Active Matter as a framework for living systems-inspired Robophysics
Giulia Janzen, Gaia Maselli, Juan F. Jimenez, Lia Garcia-Perez, D A Matoz Fernandez, Chantal Valeriani
TL;DR
This paper surveys how robophysics can be grounded in active-matter physics to understand and design living-system-inspired robotic collectives. It analyzes single-robot locomotion and the challenges of swarm-scale coordination, emphasizing local interaction rules, communication constraints, and scalable testing platforms. The authors argue that active matter provides the minimal ingredients for life-like collective motion, and advocate integrating perception, adaptability, and goal-directed behavior through machine learning and reinforcement learning to realize purposeful swarms.

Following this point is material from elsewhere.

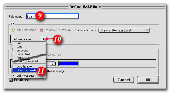 For example, if you wanted to consider anything with a score of 3 or more to be spam, the rule would look like: 'X-SpamDetect: ***'. Decreasing the number of asterisks will result in classifying more e-mails as spam. You may need to check your spam folder more carefully for non-spam e-mails that might have been classified as spam. If you wanted to rate anything with a score of 8 or greater as spam, the rule would look like: 'X-SpamDetect: ********'. Increasing the number of asterisks may result in fewer filtered e-mails being classified as spam and more potential spam staying in your Inbox.

The work highlights the need for interdisciplinary collaboration across physics, robotics, and computer science to move from locomotion to programmable, energy-aware swarms capable of robust performance in complex environments.
Abstract
Robophysics investigates the physical principles that govern living-like robots operating in complex, realworld environments. Despite remarkable technological advances, robots continue to face fundamental efficiency limitations. At the level of individual units, locomotion remains a challenge, while at the collective level, robot swarms struggle to achieve shared purpose, coordination, communication, and cost efficiency. This perspective article examines the key challenges faced by bio-inspired robotic collectives and highlights recent research efforts that incorporate principles from active-matter physics and biology into the modeling and design of robot swarms.